Summary

Last Updated: Sep 27, 2017

MaxCompute GRAPH is a set of iterative graph computing and processing framework. Graph computing job is modeled by graph. Graph is composed of Vertex and Edge; the vertex and edge contain weights (Value). MaxCompute GRAPH supports the following graph operations:

  • Modify the weight(value) for the vertex or edge.
  • Add/delete the vertex.
  • Add/delete the edge(s).

Note:

  • To edit the vertex or edge, user must maintan the relations between vertex and edge.
  • At present, graph function is in test stage. If you need to use it, please submit the application list and the project name in work order system. We will deal with it during 7 days.

Through iteration, edit and evolute the graph and then get the result finally. The typical apllications include: PageRank, SSSP, K-Means, etc.Use can use Java SDK provided by MaxCompute GRAPH to compile graph computing program.

Graph Data Structure

The graph processed by MaxCompute Graph module must be a directed graph, composed of vertices and edges. As MaxCompute can only provide two-dimensional table storage structure, it requires users to map graph data into a two-dimensional table and save it in MaxCompute. During graph calculation and analysis stage, user defined Graphloader is used to convert two-demensional table data into vertices and edges through MaxCompute Graph engine. As for how to map graph data into a two-dimensional table, users can make decisions according to their own business scenarios. In Example Programs, the given examples use different table formats to express the graph data structure, for your reference.

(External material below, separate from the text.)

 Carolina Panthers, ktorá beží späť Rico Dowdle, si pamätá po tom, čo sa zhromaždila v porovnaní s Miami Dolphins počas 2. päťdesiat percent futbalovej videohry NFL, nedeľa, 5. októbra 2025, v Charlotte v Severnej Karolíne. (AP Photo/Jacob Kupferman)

The Vertex structure can be expressed simply as < ID, Value, Halted, Edges >, which indicates the vertex identifier (ID), weight value (Value), state (Halted, which indicates whether to stop iteration) and edge set (Edges, all edge lists which take this vertex as beginning) seperately. The Edge structure can be expressed simply as <DestVertexID, Value >, which indicates destination vertex (DestVertexID) and weight value (Value).

For example, the graph shown above is composed of the following vertices:

Vertex <ID, Value, Halted, Edges>
v0 <0, 0, false, [ <1, 5 >, <2, 10 > ] >
v1 <1, 5, false, [ <2, 3>, <3, 2>, <5, 9>]>
v2 <2, 8, false, [<1, 2>, <5, 1 >]>
v3 <3, Long.MAX_VALUE, false, [<0, 7>, <5, 6>]>
v5 <5, Long.MAX_VALUE, false, [<3, 4 > ]>

Graph Programming Logic

1. Load Graph

Load graph: the framework calls user defined GraphLoader to parse input table records to vertex or edge. Distributed optimization: the framework calls user defined Partitioner to slice vertices (the default slicing logic: convert vertex ID into hash value and get modulus by Worker number) and distributes them to corresponding Workers.

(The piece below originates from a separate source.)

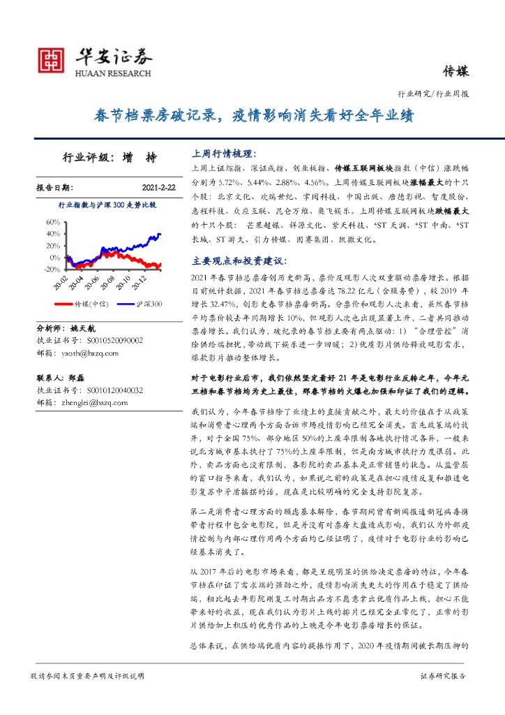 华安证券:传媒行业周报:春节档票房破记录,疫情影响消失看好全年业绩.pdf

For example, suppose that the worker number is 2 in the graph above, then v0 and v2 will be distributed to Worker0 because the result of ID getting modulus by 2 is 0. V1, v3 and v5 will be distributed to Worker1, because the result of ID acquiring modulus from 2 is 1.

2. Iterative calculation:

  • Iteration is a ‘SuperStep’, to traverse all vertices in non-end state (Halted value is false) or the vertices which have received messages (the vertex with end state will be awaken automatically after receiving messages.) and call the method ‘compute (ComputeContext context, Iterable messages)’.
  • In the method ‘compute (ComputeContext context, Iterable messages)’:
    • Process the messages sent by last SuperStep to current vertex;
    • Edit the graph according to actual requirements: 1) modify the value of vertex/edge; 2) send messages to certain vertices; 3) add/delete vertex or edge.
    • Aggregate information to global information through Aggregator.
    • Set the state of current vertex: end state or non-end state (Halted value is true or false).
    • During interation processes, the framework will send messages to corresponding Worker asynchronously and process them in the next SuperStep. Users do not need to care about it.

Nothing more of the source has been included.